Every now and then the gusts die down just enough so that I can hear the sound of generators.  In those moments, I sit perfectly still.  I'm frozen with more fear than before.  You see, the generators sound like freight trains, and freight trains sound like tornadoes.  I know that a tornado spinning off in this storm is a very real possibility -especially since there are a few fronts colliding with this "Frankenstorm" as meteorologists have so lovingly named it.  Thankfully, there have not been any tornadoes yet -not that I would be able to see them.  And so I sit.  In fear.  Alone.

I don't remember ever living through anything like this, and I am afraid.

At long last, my eyelids finally begin to grow heavy.  I wonder how long I'll fight sleep due to my feelings of guilt over the husband not being home.  My children are blissfully sleeping.  They're oblivious to what's going on outside.  It's better this way.  Why needlessly scare them with the possibility of what could possibly happen?  If they wanted to play outside, I'd let them know what's out there, but as far as they know, nothing is this storm can hurt them in here.  They're safe.  They're warm.  They're dry.  My love can protect them from anything.  The innocence of childhood....

Suddenly, I realize that it seems as if the storm is starting to move out.  The howling winds have died down to a quieter roar.  The trees don't constantly look as if they're going to snap at any given second.  They resemble broccoli less and less and more and more the trees I've grown to know while living here the past 12 years.

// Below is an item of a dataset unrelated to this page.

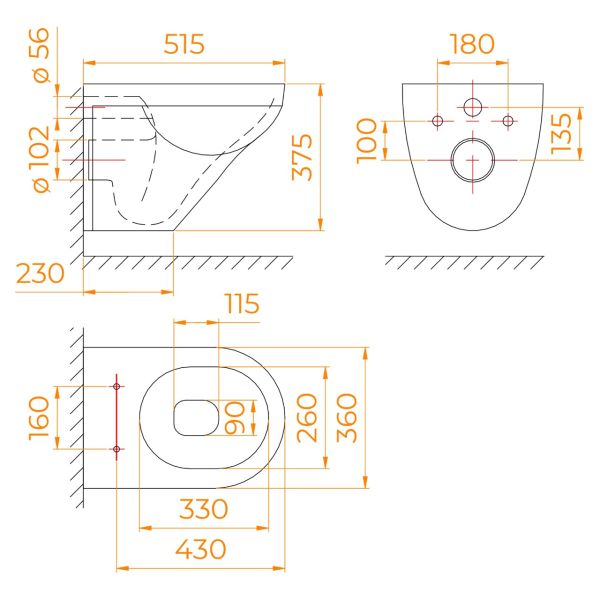 • Подвесная чаша унитаза выполнена из санфаянс;

I look out my back door.  The wind is still whipping, yet things are eerily still and quiet.  There is still heavy cloud cover, but it is obviously a full moon night.  The world -at least what I can see of it, is bathed in an ethereal blue light.  It's so bright.  It's so clear.  In a crazy moment in this crazy storm, it makes me look to the skies for spaceships.  When I see none I wonder if it's a sign of the Second Coming.  It's THAT bright and calm and THAT surreal.  After making it through today, and seeing the calm that I just witnessed, you just have to KNOW that there is a higher, divine power at work.  In that moment, in seeing that still tranquility, I knew.

As I open up the front door, and it is almost blown back in on me, I know that we are not yet out of the woods with this storm.  I know that it is not anywhere near over.  I know that there is still much and more to come.  However...

I have lived through this, and I am not afraid.